Importantly, where a patient is incapable, the requirement to obtain informed consent is not abrogated, but instead the informed consent is obtained from communications with SDMs. In this way, consent in Ontario must always come from contextualized communications with a person (either the patient or the patient’s SDM) and can never come solely from a document.
While health practitioners are required to obtain informed consent from patients before providing a proposed treatment (except in an emergency), many health care organizations have developed policies and practices encouraging or requiring patients (or if incapable, their SDMs) to articulate the types of health care they might want in the future. In many cases, this occurs upon admission to a health care organization or service. On the one hand, this pre-planning is a welcome development (because patients are turning their minds to what they would want in the future) but it is also potentially problematic: discussions around future health care typically occur in a factual vacuum, without specific reference to the patient’s current health condition or prognosis. This creates a risk that patients are expressing uninformed and arguably low-quality wishes (e.g. wishes that are less likely to reflect the decision the patient would make if capable in the future and fully informed of the risks and benefits of treatment). Often, these discussions about future health care are imposed by health care organizations, prematurely and subject to arbitrary timelines. This emphasis on pre-planning has also extended to other settings where health services are provided, such as long-term care homes, retirement homes, and home care.

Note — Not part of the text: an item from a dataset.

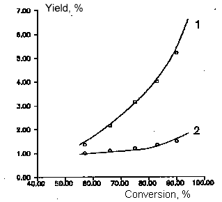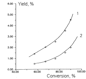 8. Dependence of by- products yields of chlorodifluoromethane and

Patients are often required to participate in this “advance care planning” by giving what are sometimes referred to as “advance directives” about specific treatments they will accept or refuse in future. “Advance care planning” is a generic term used across many Canadian and international jurisdictions to describe the process of planning by an individual for a time when he or she no longer has the mental capacity to make health care decisions. Advance care planning is comprised of two elements:
(1) Identification of the individual who will make decisions for the patient in the event the patient becomes incapable (sometimes referred to as a “Proxy Directive,” as the patient is designating their proxy decision-maker). The Proxy is referred to as an SDM in the HCCA; and,
(2) Expression of wishes, values, and beliefs about future health care decisions to be made in the event the patient becomes incapable (sometimes referred to as the “Instructional Directive,” as the patient is giving instructions about future care). In the HCCA, these instructions are referred to as “wishes”.

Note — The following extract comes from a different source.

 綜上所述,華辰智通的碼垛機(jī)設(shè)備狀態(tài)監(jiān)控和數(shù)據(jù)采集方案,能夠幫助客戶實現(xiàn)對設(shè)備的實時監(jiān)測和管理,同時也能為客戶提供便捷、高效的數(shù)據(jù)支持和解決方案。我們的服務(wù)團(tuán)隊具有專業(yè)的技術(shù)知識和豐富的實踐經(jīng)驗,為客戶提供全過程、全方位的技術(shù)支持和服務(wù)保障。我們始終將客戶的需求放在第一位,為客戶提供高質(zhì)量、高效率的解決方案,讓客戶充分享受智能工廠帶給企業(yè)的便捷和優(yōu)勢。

This research paper on health care consent and advance care planning in Ontario (the “Paper”) focuses on persistent misconceptions around the use of instructional directives in Ontario, rather than the designation of proxy decision-makers. This is largely because in Ontario there is a hierarchy of SDMs already established under section 20 of the HCCA, which sets out the default SDM(s) of a patient, unless he or she makes a choice to deviate from the ranking (the exception is where a person other than the patient applies to become the patient’s representative, which will be discussed further below).

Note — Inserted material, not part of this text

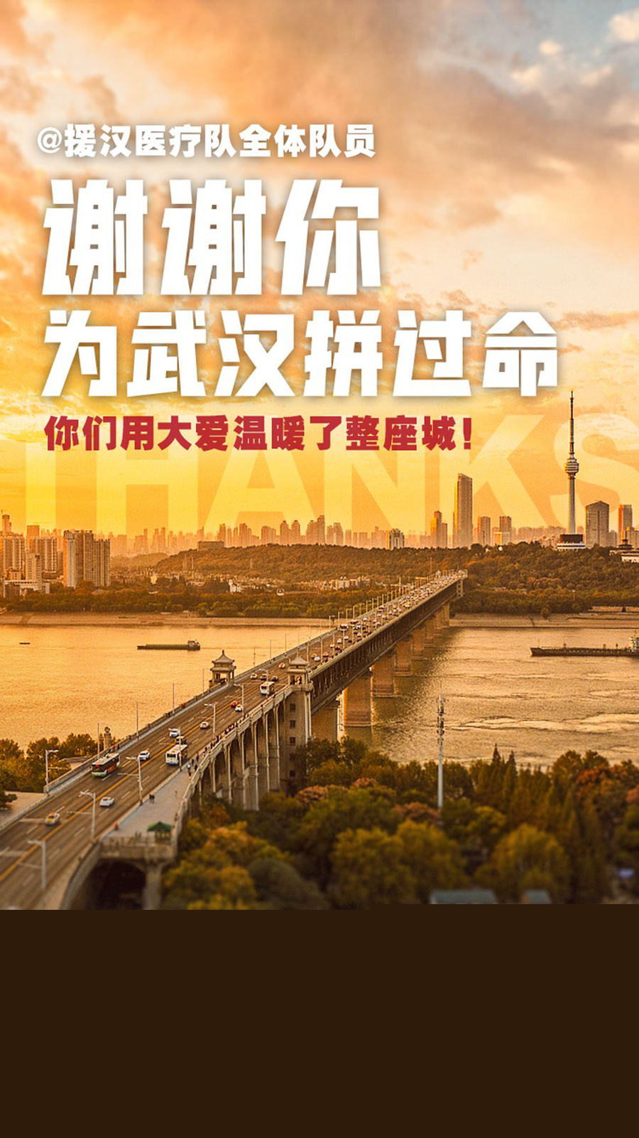 患難相扶,生死與共。在這幾十天里,你們與武漢人民心手相連、生死相依,從死神手中搶回了一條條生命、拯救了一個(gè)個(gè)家庭。忘不了你們從祖國(guó)四面八方馳援武漢時(shí),口中喊出的“武漢加油!中國(guó)加油!”;忘不了你們穿著防護(hù)裝備走進(jìn)病房,握著患者的手說(shuō)“別怕,有我們?cè)冢 ?;忘不了你們臉上被面罩勒出的一道道印痕;更忘不了你們摘掉口罩后露出美麗迷人的笑容!“沒(méi)有生而英勇,只是選擇無(wú)畏”,感謝你們?cè)谖錆h人民遭遇疫情的困難時(shí)刻,迎難而上、沖鋒在前,以命搏命、舍命相助,用大愛(ài)溫暖了整座城!因?yàn)槟銈兊牡絹?lái),武漢更多患者得到了及時(shí)有效的救治;因?yàn)槟銈兊牡絹?lái),武漢才這么快地迎來(lái)了疫情防控斗爭(zhēng)的勝利曙光;因?yàn)槟銈兊牡絹?lái),武漢才有了今天的穩(wěn)定和安寧。你們是最大的功臣!是新時(shí)代最可愛(ài)的人!武漢人民永遠(yuǎn)銘記你們的恩情!

In many settings, forms or documents (such as “level-of-care” forms or other advance directive forms) are used to record instructional directives. In Ontario, with the narrow exception of emergency treatment, health practitioners can only give effect to prior expressions of wishes, values and beliefs through informed consent to treatment by an SDM.
“Advance directive” is a generic term used in Ontario to refer to specific communications from a patient containing his/her wishes regarding health care choices in the future. However, in many other jurisdictions this phrase refers instead to a formal document providing directions specifically to a health practitioner. The term “advance directive” is also sometimes used beyond the expression of wishes, values, and beliefs (instructional directives) to refer to the designation of an SDM (a proxy directive).
The terms “advance care planning” and “advance directive” do not appear in the HCCA, nor in the Substitute Decisions Act, 1992 (the “SDA”): collectively, the Ontario statutes governing health care consent and substitute decision-making. With regard to the designation of an SDM, the SDA refers only to the designation of an attorney pursuant to a power of attorney for personal care. With regard to future health care instructions, the HCCA refers only to the patient’s “wishes”, “values” and “beliefs”. The use of the language of wishes, values and beliefs reflects the fact that an individual may not always have all of the necessary information required to give an informed consent when speaking about future health care. Wishes, values and beliefs will eventually guide that individual’s SDM when a treatment is proposed and substitute consent is required. An SDM must act in accordance with the patient’s applicable prior capable wishes and, if none were expressed, must consider the patient’s other wishes, values and beliefs in deciding what is in the patient’s best interest (as that term is defined in the HCCA).
Importantly, wishes, values and beliefs expressed by an SDM have no legal effect, unless such wishes were expressed, or such values and beliefs were held, by the now incapable patient. In short, no legal effect is given to new wishes, values, and beliefs where they are expressed by an SDM. Under Ontario legislation, the SDM’s role is solely to give or refuse consent to treatment and to recount the patient’s wishes, values and beliefs to health practitioners. The SDM may not make new wishes on behalf of the incapable patient. Only the patient can express wishes, values and beliefs to guide their own future care. This point cannot be emphasized enough, given that SDMs do occasionally try to assert new wishes on behalf of incapable patients.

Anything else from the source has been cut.